* **Provided data**:
--------------------

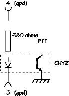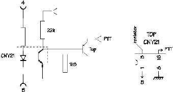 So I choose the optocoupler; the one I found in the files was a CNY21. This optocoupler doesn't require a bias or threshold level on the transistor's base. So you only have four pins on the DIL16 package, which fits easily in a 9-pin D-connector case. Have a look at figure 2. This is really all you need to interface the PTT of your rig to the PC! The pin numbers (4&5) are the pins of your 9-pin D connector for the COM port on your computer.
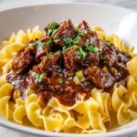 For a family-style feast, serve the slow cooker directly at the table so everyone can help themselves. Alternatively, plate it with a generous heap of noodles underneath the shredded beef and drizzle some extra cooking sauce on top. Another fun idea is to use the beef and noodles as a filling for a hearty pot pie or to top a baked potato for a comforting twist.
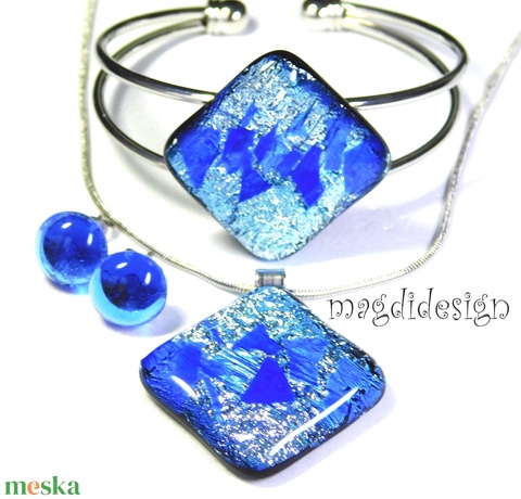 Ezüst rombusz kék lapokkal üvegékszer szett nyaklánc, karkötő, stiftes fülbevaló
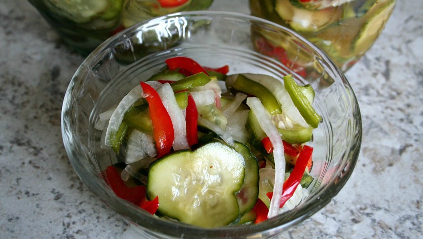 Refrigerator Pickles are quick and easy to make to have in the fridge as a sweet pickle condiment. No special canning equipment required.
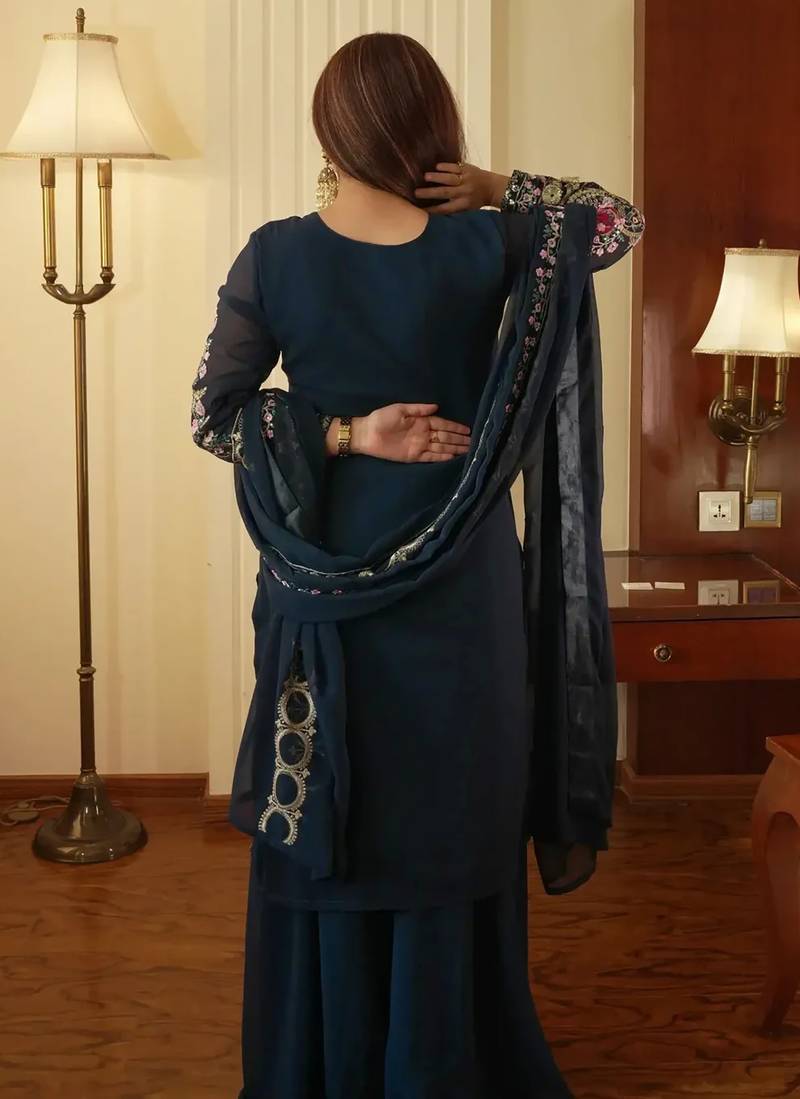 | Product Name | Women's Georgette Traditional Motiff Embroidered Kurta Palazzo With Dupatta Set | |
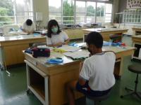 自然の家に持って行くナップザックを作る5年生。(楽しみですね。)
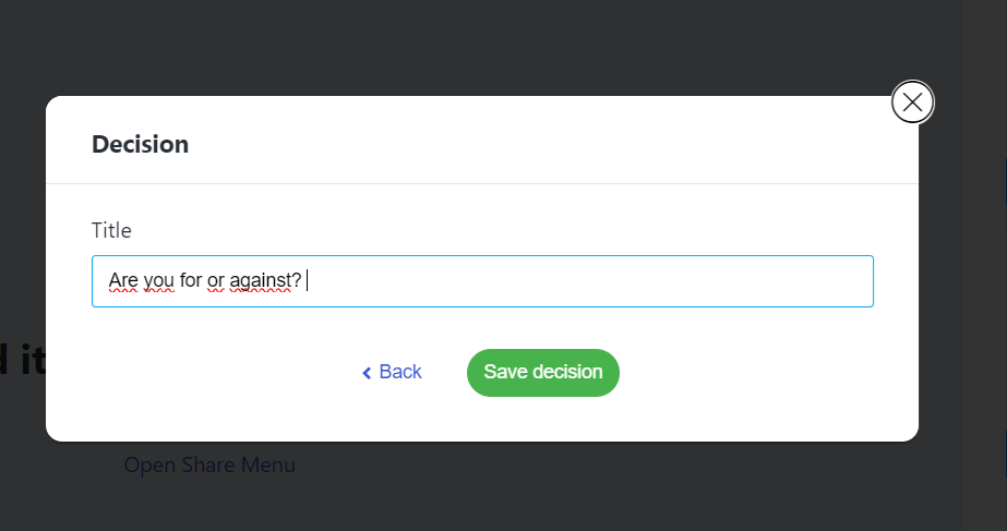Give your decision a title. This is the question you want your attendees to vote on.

--------------------

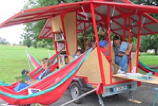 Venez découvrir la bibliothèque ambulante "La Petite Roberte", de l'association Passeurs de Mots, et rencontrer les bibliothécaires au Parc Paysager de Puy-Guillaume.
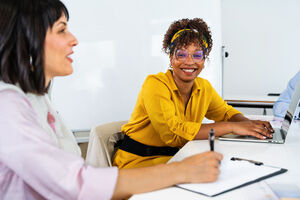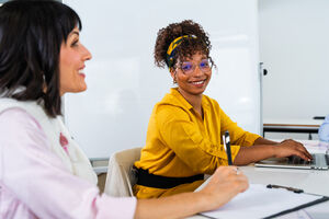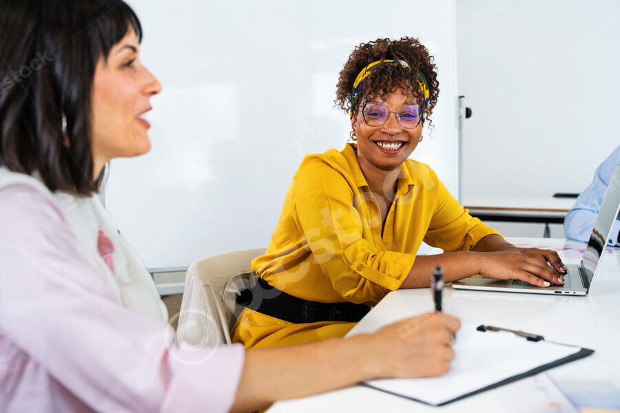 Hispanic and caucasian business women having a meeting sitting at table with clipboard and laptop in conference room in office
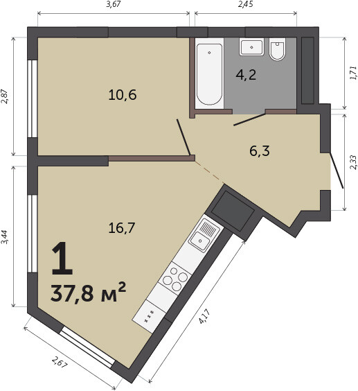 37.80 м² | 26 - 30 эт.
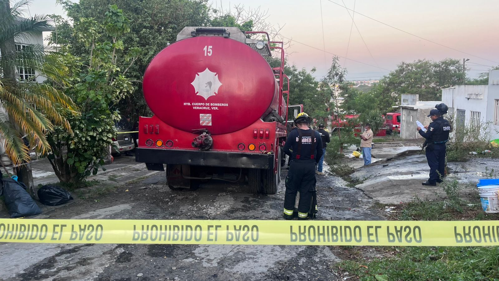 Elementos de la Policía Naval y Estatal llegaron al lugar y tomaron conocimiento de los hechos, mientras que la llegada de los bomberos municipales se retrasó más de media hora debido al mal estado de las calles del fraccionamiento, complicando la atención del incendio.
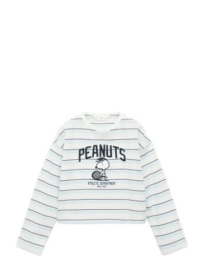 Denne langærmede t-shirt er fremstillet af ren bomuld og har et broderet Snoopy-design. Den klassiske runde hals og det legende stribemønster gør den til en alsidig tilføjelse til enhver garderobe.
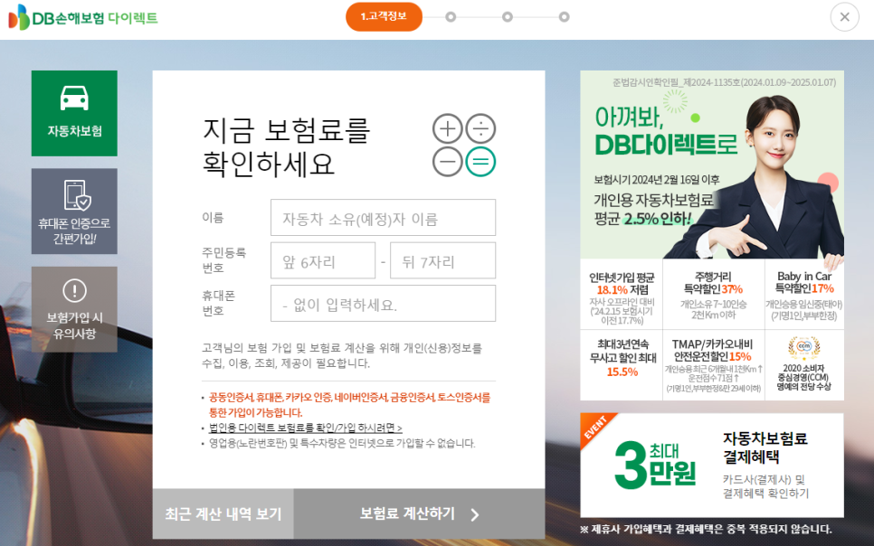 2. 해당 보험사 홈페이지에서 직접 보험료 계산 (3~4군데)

--------------------

* **Exercise description**:
Starting at the line containing "For a family-style" and stopping at the line containing "Give your decision", output each line exactly as it appears above. Leave out the pictures.

* **Exercise solution**:
 For a family-style feast, serve the slow cooker directly at the table so everyone can help themselves. Alternatively, plate it with a generous heap of noodles underneath the shredded beef and drizzle some extra cooking sauce on top. Another fun idea is to use the beef and noodles as a filling for a hearty pot pie or to top a baked potato for a comforting twist.
 Ezüst rombusz kék lapokkal üvegékszer szett nyaklánc, karkötő, stiftes fülbevaló
 Refrigerator Pickles are quick and easy to make to have in the fridge as a sweet pickle condiment. No special canning equipment required.
 | Product Name | Women's Georgette Traditional Motiff Embroidered Kurta Palazzo With Dupatta Set | |
 自然の家に持って行くナップザックを作る5年生。(楽しみですね。)
Give your decision a title. This is the question you want your attendees to vote on.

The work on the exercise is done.